Set down exactly the lines below, starting at the one that contains "This is a lined" and ending at the one that contains "为满足精准的计时要求,浪琴表", with both of those lines included and nothing else.

■ Working data
○ ○ ○ ○
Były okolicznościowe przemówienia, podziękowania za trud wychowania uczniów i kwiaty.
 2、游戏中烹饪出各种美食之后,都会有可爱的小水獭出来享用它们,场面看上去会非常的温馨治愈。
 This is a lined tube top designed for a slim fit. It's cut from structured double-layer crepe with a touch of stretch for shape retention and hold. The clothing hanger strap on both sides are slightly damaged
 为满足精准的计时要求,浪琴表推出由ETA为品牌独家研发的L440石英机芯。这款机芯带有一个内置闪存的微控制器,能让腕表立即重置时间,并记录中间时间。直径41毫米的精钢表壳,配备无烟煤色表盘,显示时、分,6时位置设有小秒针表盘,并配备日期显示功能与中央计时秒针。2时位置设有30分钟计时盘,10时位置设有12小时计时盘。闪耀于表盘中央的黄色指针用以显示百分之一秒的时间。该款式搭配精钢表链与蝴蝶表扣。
○ ○ ○ ○
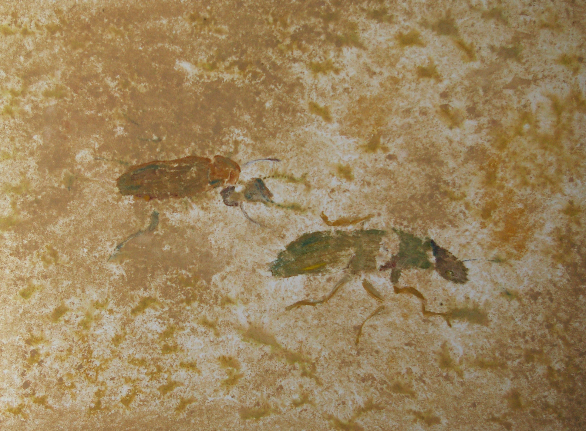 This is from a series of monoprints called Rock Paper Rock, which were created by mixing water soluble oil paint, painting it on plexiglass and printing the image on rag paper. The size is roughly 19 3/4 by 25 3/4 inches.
○ ○ ○ ○
■ Response
 This is a lined tube top designed for a slim fit. It's cut from structured double-layer crepe with a touch of stretch for shape retention and hold. The clothing hanger strap on both sides are slightly damaged
 为满足精准的计时要求,浪琴表推出由ETA为品牌独家研发的L440石英机芯。这款机芯带有一个内置闪存的微控制器,能让腕表立即重置时间,并记录中间时间。直径41毫米的精钢表壳,配备无烟煤色表盘,显示时、分,6时位置设有小秒针表盘,并配备日期显示功能与中央计时秒针。2时位置设有30分钟计时盘,10时位置设有12小时计时盘。闪耀于表盘中央的黄色指针用以显示百分之一秒的时间。该款式搭配精钢表链与蝴蝶表扣。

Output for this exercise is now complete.